• Given data
BEGIN

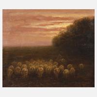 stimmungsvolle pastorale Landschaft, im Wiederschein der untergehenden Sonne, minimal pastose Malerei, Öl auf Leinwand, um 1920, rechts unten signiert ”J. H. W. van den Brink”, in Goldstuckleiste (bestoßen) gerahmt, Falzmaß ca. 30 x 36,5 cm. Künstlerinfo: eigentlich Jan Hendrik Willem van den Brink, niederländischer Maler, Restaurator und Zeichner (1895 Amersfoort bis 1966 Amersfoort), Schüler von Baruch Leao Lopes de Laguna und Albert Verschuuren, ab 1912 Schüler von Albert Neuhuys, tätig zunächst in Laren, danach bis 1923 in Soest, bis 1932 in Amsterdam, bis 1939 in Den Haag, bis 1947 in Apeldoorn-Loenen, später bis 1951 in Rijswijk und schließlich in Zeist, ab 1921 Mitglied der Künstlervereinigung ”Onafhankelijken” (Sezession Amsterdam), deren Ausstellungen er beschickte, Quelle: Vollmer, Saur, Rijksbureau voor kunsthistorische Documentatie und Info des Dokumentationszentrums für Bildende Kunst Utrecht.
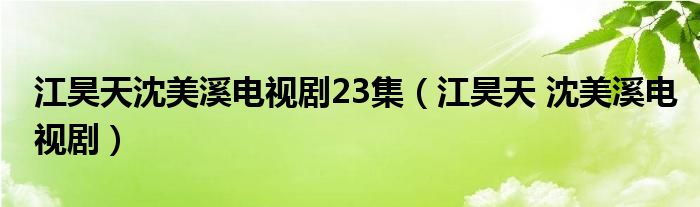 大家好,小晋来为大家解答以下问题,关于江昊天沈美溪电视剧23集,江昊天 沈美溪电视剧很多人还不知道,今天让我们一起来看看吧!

END
BEGIN

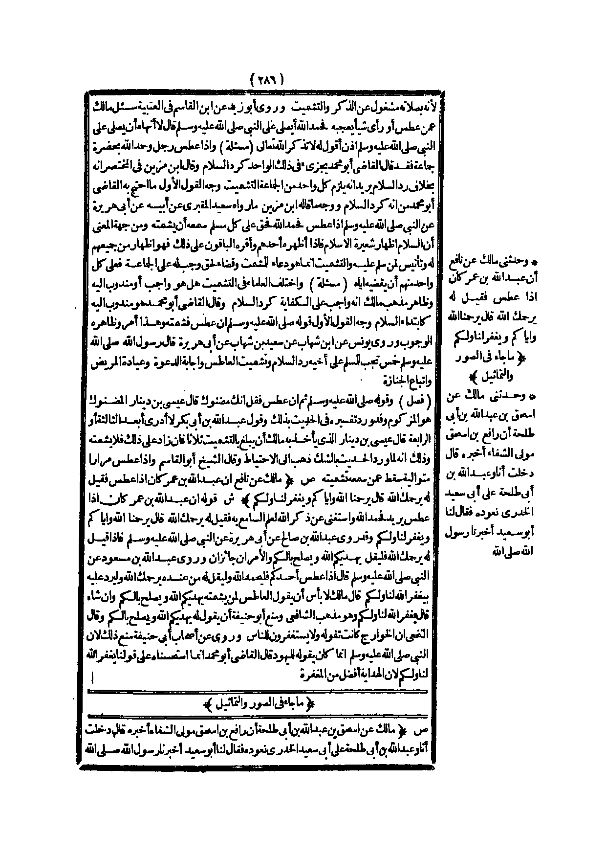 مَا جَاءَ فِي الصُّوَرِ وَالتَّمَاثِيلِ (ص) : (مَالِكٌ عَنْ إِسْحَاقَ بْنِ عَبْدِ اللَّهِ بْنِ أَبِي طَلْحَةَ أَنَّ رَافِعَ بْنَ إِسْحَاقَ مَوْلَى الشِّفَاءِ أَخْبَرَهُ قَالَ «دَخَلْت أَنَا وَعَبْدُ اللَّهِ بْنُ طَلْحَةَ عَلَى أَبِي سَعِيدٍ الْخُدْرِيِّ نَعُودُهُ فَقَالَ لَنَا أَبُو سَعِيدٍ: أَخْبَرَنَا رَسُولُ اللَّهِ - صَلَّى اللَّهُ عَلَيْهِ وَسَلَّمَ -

END
BEGIN

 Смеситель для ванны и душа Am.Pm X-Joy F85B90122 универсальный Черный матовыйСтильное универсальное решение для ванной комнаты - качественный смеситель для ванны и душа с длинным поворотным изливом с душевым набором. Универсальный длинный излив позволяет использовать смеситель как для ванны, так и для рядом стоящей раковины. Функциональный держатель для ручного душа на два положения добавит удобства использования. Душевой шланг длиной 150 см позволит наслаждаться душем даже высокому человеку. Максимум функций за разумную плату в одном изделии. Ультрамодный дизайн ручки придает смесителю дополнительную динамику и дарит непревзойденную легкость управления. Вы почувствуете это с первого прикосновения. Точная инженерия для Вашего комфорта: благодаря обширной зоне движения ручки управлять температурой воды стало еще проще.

END

• Work instruction
From the records above, quote word for word only the lines beginning at the line that has "stimmungsvolle pastorale Landschaft, im" and stopping after the line that has "大家好,小晋来为大家解答以下". Omit the pictures.

• Output of the exercise
 stimmungsvolle pastorale Landschaft, im Wiederschein der untergehenden Sonne, minimal pastose Malerei, Öl auf Leinwand, um 1920, rechts unten signiert ”J. H. W. van den Brink”, in Goldstuckleiste (bestoßen) gerahmt, Falzmaß ca. 30 x 36,5 cm. Künstlerinfo: eigentlich Jan Hendrik Willem van den Brink, niederländischer Maler, Restaurator und Zeichner (1895 Amersfoort bis 1966 Amersfoort), Schüler von Baruch Leao Lopes de Laguna und Albert Verschuuren, ab 1912 Schüler von Albert Neuhuys, tätig zunächst in Laren, danach bis 1923 in Soest, bis 1932 in Amsterdam, bis 1939 in Den Haag, bis 1947 in Apeldoorn-Loenen, später bis 1951 in Rijswijk und schließlich in Zeist, ab 1921 Mitglied der Künstlervereinigung ”Onafhankelijken” (Sezession Amsterdam), deren Ausstellungen er beschickte, Quelle: Vollmer, Saur, Rijksbureau voor kunsthistorische Documentatie und Info des Dokumentationszentrums für Bildende Kunst Utrecht.
 大家好,小晋来为大家解答以下问题,关于江昊天沈美溪电视剧23集,江昊天 沈美溪电视剧很多人还不知道,今天让我们一起来看看吧!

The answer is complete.